В этой связи курьёзный случай. Кажется, в 9 классе надо было писать сочинение. Домашнее. Тема: «Художественное мастерство А.Н. Толстого в описании батальных сцен в романе Пётр первый». Роман этот велено было прочесть в летние каникулы. Я его, естественно, не прочёл. Я вообще не любил читать из школьной программы. В ту пору я читал, не отрываясь, Стивенсона, Грина, Купера, Майн Рида и т.п. А Пушкина и Некрасова откладывал на потом. Однако сочинение есть сочинение. Читать роман было поздно, и я принялся фантазировать. Поскольку венцом военных побед Петра I была виктория под Полтавой, я принялся её вдохновенно описывать, опираясь в основном на известную поэму Пушкина — «Дрожит восток зарёю новой…» Писал с большим подъёмом. Через пару дней учительница зачитала оценки. Моя фамилия названа не была. После урока она отозвала меня в сторону и тихо сказала: «Вообщето, Сабиров, я должна поставить тебе кол. Ибо роман ты не читал. Но меня восхитила твоя наглость…»
Лишь потом я узнал, что упомянутая битва в романе вообще описана не была. А я-то так старался…
Пушкин пришёл позднее. В армии. Караулка располагалась у нас рядом с библиотекой. Был наш наряд суточный, надо было что-то почитать. Библиотекарь (он же комсорг и замполит батальона) на просьбу дать что-нибудь почитать сунул мне, не глядя, тёмно-синий том. Пушкин, стихотворения и поэмы. Я, помнится, сел возле печки (её топили прессованным углём) и, поскольку у меня было 2 часа свободного времени, начал с до оскомины знакомых «мойдядясамыхчестныхправил…» И дальше понеслось – «так думал молодой повеса…», «друзья Людмилы и Руслана», «и возбуждать улыбку дам…». Прошло два часа, пора идти на пост. Хожу («пост номер три, трёхсменный, круглосуточный, под охраной состоит: парк вооружения и военной техники в составе…»), а в голове – «И быстрой ножкой ножку бьет…», «Вошел: и пробка в потолок…»! Вернулся через два часа в караулку и за два последующих часа прошил «Онегина» насквозь. Некоторое время знал его почти наизусть. Ибо всему своё время.
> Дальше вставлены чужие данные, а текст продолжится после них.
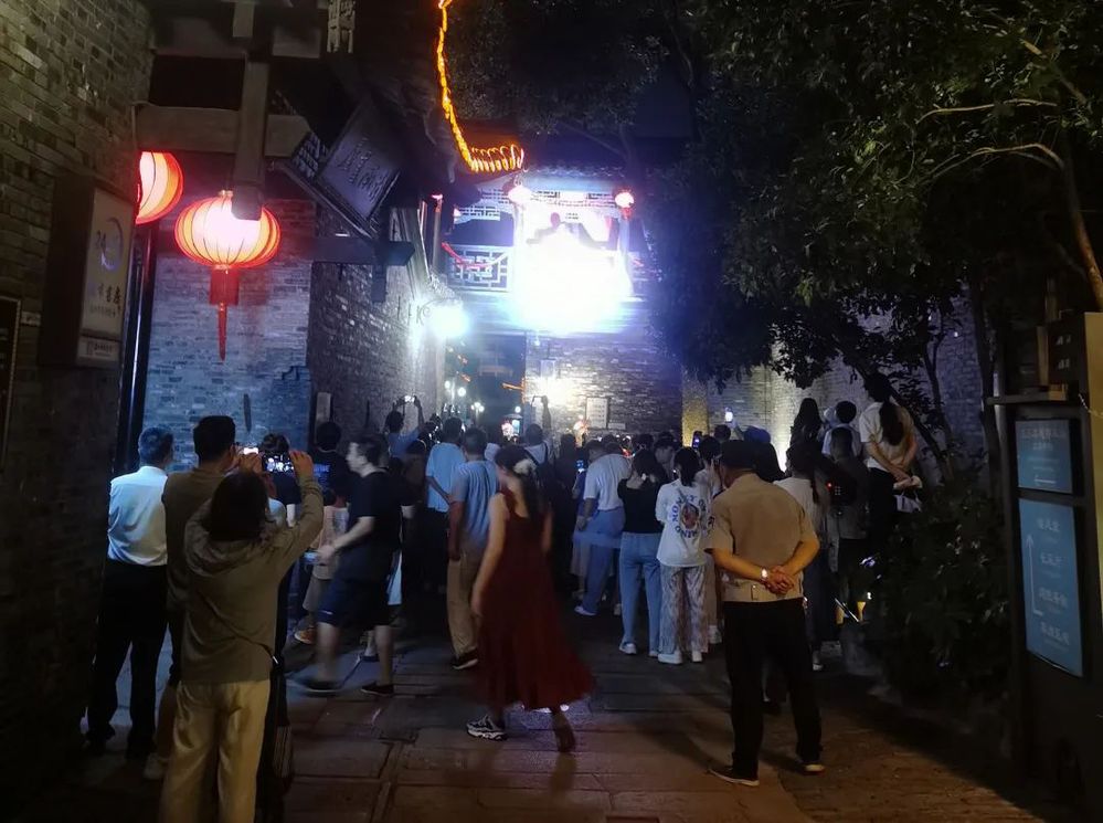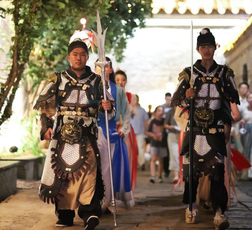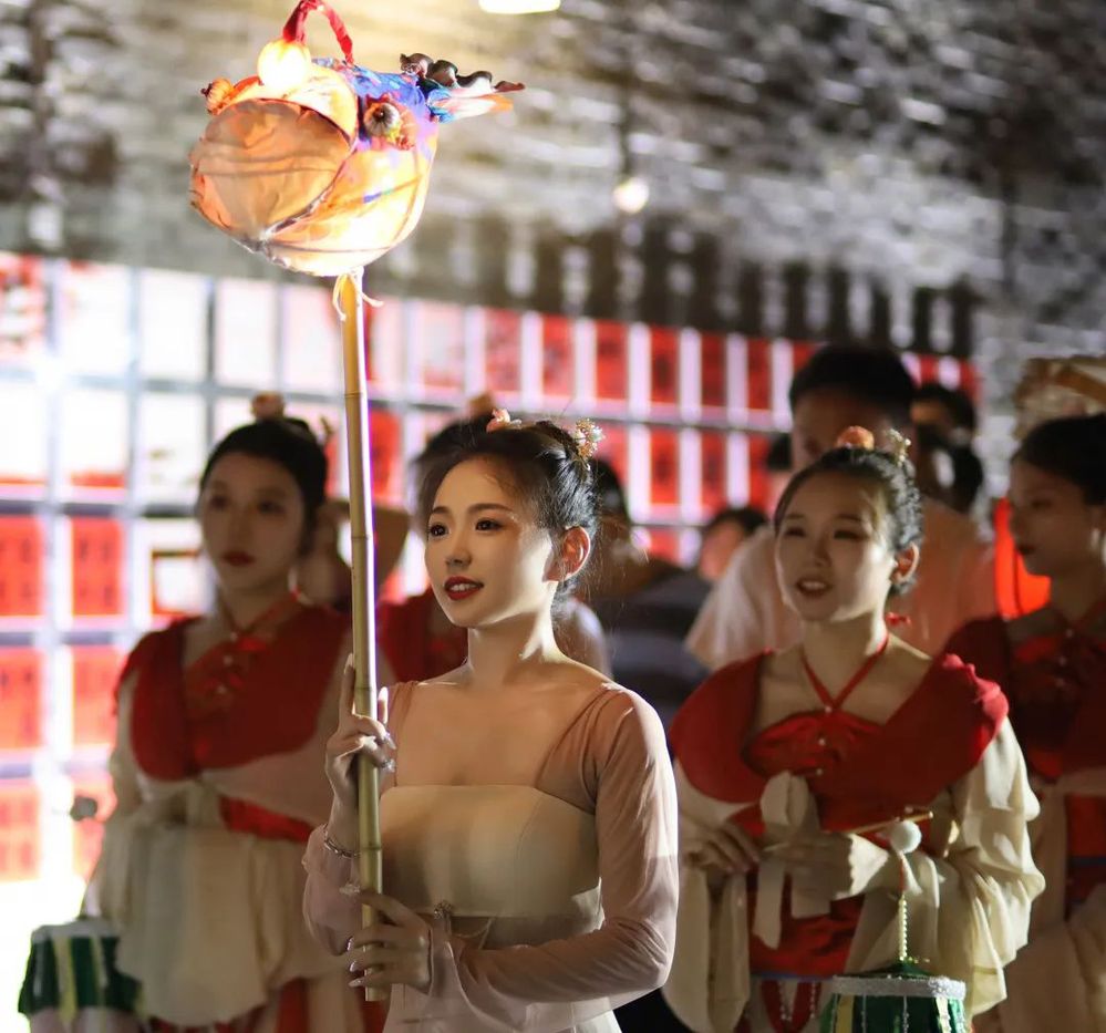 演繹人員手持魚燈等傳統(tǒng)道具,引領(lǐng)身穿漢服的嘉賓和游客由含藻亭-廊橋-街南書屋-東關(guān)街,進(jìn)行了一場(chǎng)穿越古今之旅——“魚燈巡游”,成功圈粉東關(guān)街眾多市民和游客。

– В прошлом году у вас был юбилей.
– Юбилей был, да. Отмечал в кругу друзей и семьи. Весело, тепло, предсказуемо. Гитарка по кругу. Окуджава, Галич, Визбор. Ну и Битлз, конечно. Без них у нас не обходится. «Hey Jude!» …
– А Союз писателей что подарил?
– Помилуйте, какие подарки. Подарки дарят близкие люди. А там какие близкие. Так, здрасьте-досвиданья. Знаете, Блок писал в своём дневнике: «Минимум литературных дружб: там отравишься и заболеешь». Вот так. Хотя, должен сказать, друзья из литературной среды у меня были и есть. Это Николай Беляев, незабвенный мой учитель в поэзии, поэты Вячеслав Баширов, Сергей Малышев, Валерий Трофимов. Беляева и Малышева уже нет на этом свете. Слава в 1991 году перебрался в Израиль, Валера – в Петербург. Кстати, его я считаю сильнейшим поэтом Казани из пишущих на русском языке. Однажды поделился этим мнением в литсреде, что вызвало изрядное ревнивое неудовольствие… Мы частенько собирались то у дяди Коли на Габишева, то у Славы с Элей на Адоратского. За чаем, порой не только. Ах, «печаль и радость тех бесед…»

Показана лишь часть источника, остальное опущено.